Tuesday 6 July 2010

The words in the picture

When I got around to reviewing the photos I took during my visit to Bristol last week, I came across this one, taken at a bus stop shelter not far from Temple Meads station, as I walked into the city centre.


It's a fashion store ad. graffiti'd with a statement which mocks the pretensions of the marketing mind behind the cool image of a trendy young woman of androgynous tendencies. I snapped the image without pausing to examine it at close range to find out  if the top side graffiti was additional or part of the ad. image. 'I am not who you think I am'  is the title of a 1999 American novel for young adults by Peg Kehret, also a song by Bryan Adams, so it might have been an esoteric cultural cross reference beyond my understanding. However the middle strip containing the punch-line seems to be in the same hand as the rest, so it stands as a later addition. It reads 'I'm Alan Shearer' - famous retired English footballer and TV footie pundit.

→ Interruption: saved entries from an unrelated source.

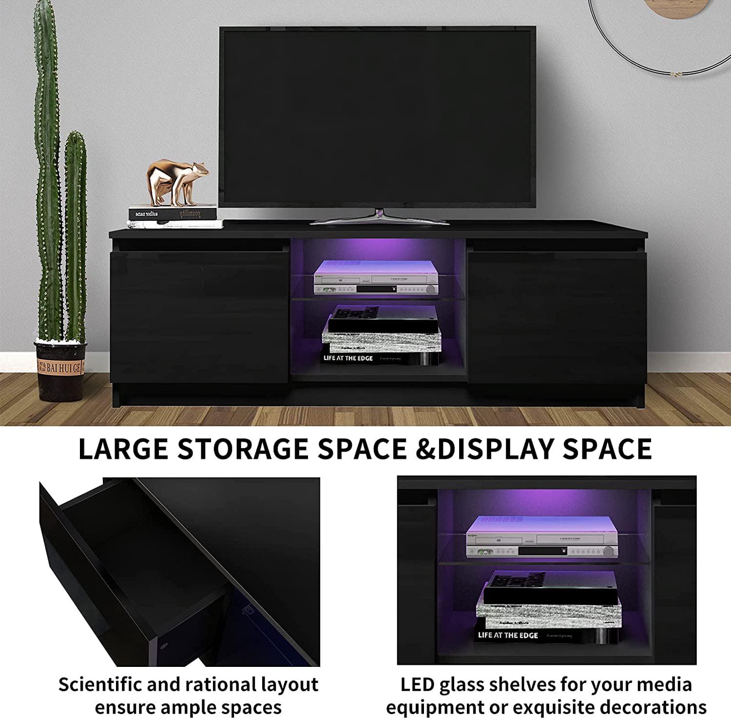 – [Extra large storage space] This is a simple and classic design of the TV Stand, the cabinet on both sides with two capacity oversized cabinets, providing a good place for your discs, game consoles, routers, audio equipment, the center of the cabinet is an open glass panel design, easy to store any decorative items you want to put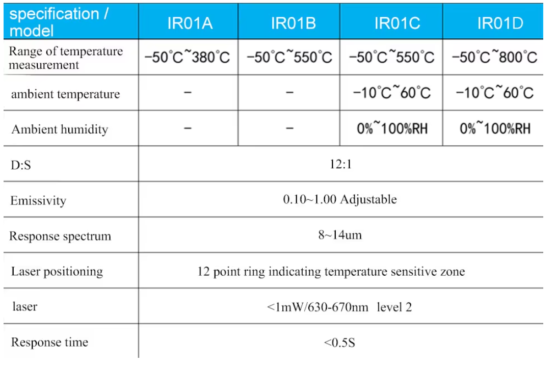 | محدوده دمای اندازهگیری | -50°C تا +550°C / -58°F تا +1112°F |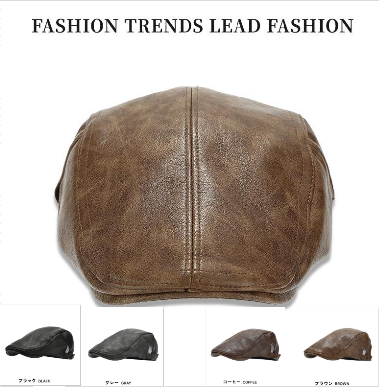 PU革 ハンチング メンズ 帽子 レディース レザー キャップ 秋 冬 ぼうし 耐寒 防風 保温 ゴルフ 紳士用 軽量 父の日 カジュアル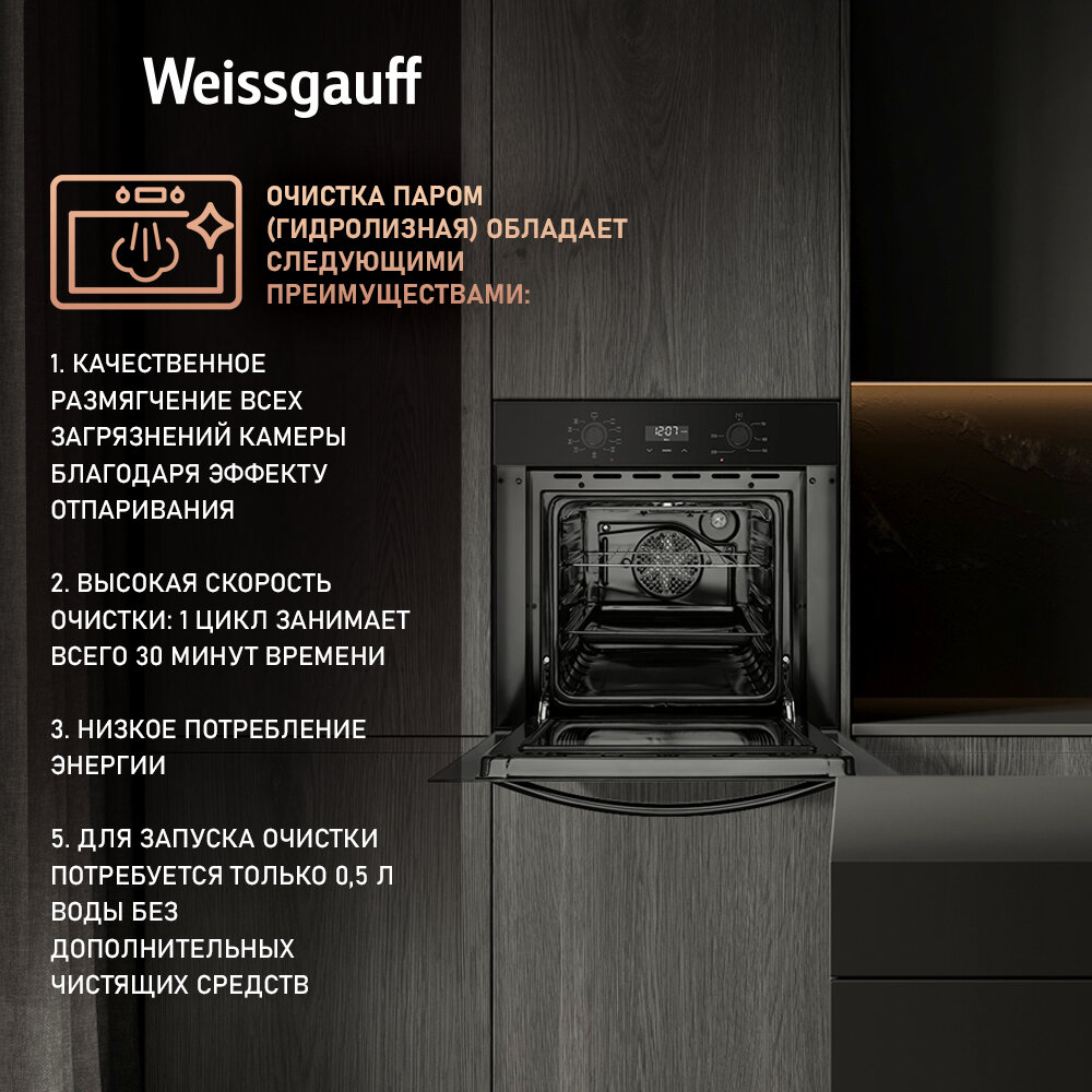 10 цен на Электрический духовой шкаф Weissgauff EOV 196 LB с грилем и конвекцией, гарантия 3 года, Утапливаемые рукоятки PIPO, Класс энергопотребления А, Эмаль SMART CLEAN

It made me laugh, and I'm not a football fan. I've managed to get through the World Cup telethon thus far without seeing a match or enduring more than a few minutes worth of those excruciating banale discussions by members of the sporting commentariat. I must confess, however, to my delight in Lynne Truss' hilarious daily audio blog contribution to Radio 4's Today World Cup News effort.

What drew my attention to this piece of demotic street wit was its setting - Bristol - home and early artistic canvas of internationally famous graffiti artist Bansky, whose works are visible on several walls around the city. This time last year, Bristol's City Art Gallery hosted an exhibition of Banksy's works which attracted a record quarter of a million visitors in the two months it was open, such is the interest shown in his work by the public.

To my mind, most graffiti has little artistic merit, and is no more than an attention grabbing outlet for bored neglected youngsters. Banksy has shown that street graffiti, irrespective of its graphic merit, can convey powerful social comment, subversive political comment or withering satire. His work makes you look at the everyday world differently, and invites you to question your accepted perceptions and values, and, more often than not, to smile if not laugh out loud at the vanities of this world. My interest in his work means that a walk through Bristol made me look twice at graffiti rather than ignore it.

The words in the picture I snapped may have had nothing to do with Banksy, but they reflect his subversive influence, inviting others to ridicule the vanities and whims of this passing age. Would that contemporary religion was as capable as this of critiquing the culture in which it is embedded.